Episodic fine-tuning prototypical networks for optimization-based few-shot learning: Application to audio classification
Xuanyu Zhuang, Geoffroy Peeters, Gaël Richard
TL;DR
The paper tackles few-shot audio classification by enhancing Prototypical Networks through Rotational Division Fine-Tuning (RDFT), which uses labeled support data to fine-tune the ProtoNet in a test episode without leveraging the query set. It further embeds ProtoNet into optimization-based meta-learners, yielding MAML-Proto and MC-Proto via an episodic fine-tuning strategy that applies RDFT within inner updates. Empirical results on ESC-50 and Speech Commands v2 show that RDFT alone can degrade ProtoNet, but when integrated with MAML/Meta-Curvature, the proposed models achieve substantial gains over a regular ProtoNet, with MC-Proto delivering the strongest accuracy among the tested configurations (though Proto-HA remains SOTA on ESC-50). The approach is presented as a general framework with potential applicability beyond audio to other modalities, and future work includes extending RDFT to additional metric-based FSL methods and providing theoretical insights.
Abstract
The Prototypical Network (ProtoNet) has emerged as a popular choice in Few-shot Learning (FSL) scenarios due to its remarkable performance and straightforward implementation. Building upon such success, we first propose a simple (yet novel) method to fine-tune a ProtoNet on the (labeled) support set of the test episode of a C-way-K-shot test episode (without using the query set which is only used for evaluation). We then propose an algorithmic framework that combines ProtoNet with optimization-based FSL algorithms (MAML and Meta-Curvature) to work with such a fine-tuning method.
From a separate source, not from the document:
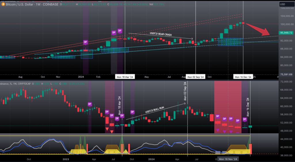به گفته فارکس مایندست (The ForexX Mindset)، یکی از مشارکتکنندگان تریدینگ ویو، قیمت بیت کوین ممکن است به دلیل همبستگی منفی آن با شاخص دامیننس تتر (USDT.D)، معیاری از سهم تتر در کل بازار رمزارزها، شاهد یک کاهش قیمت شدید باشد.

Since optimization-based algorithms endow the target learner model with the ability to fast adaption to only a few samples, we utilize ProtoNet as the target model to enhance its fine-tuning performance with the help of a specifically designed episodic fine-tuning strategy. The experimental results confirm that our proposed models, MAML-Proto and MC-Proto, combined with our unique fine-tuning method, outperform regular ProtoNet by a large margin in few-shot audio classification tasks on the ESC-50 and Speech Commands v2 datasets. We note that although we have only applied our model to the audio domain, it is a general method and can be easily extended to other domains.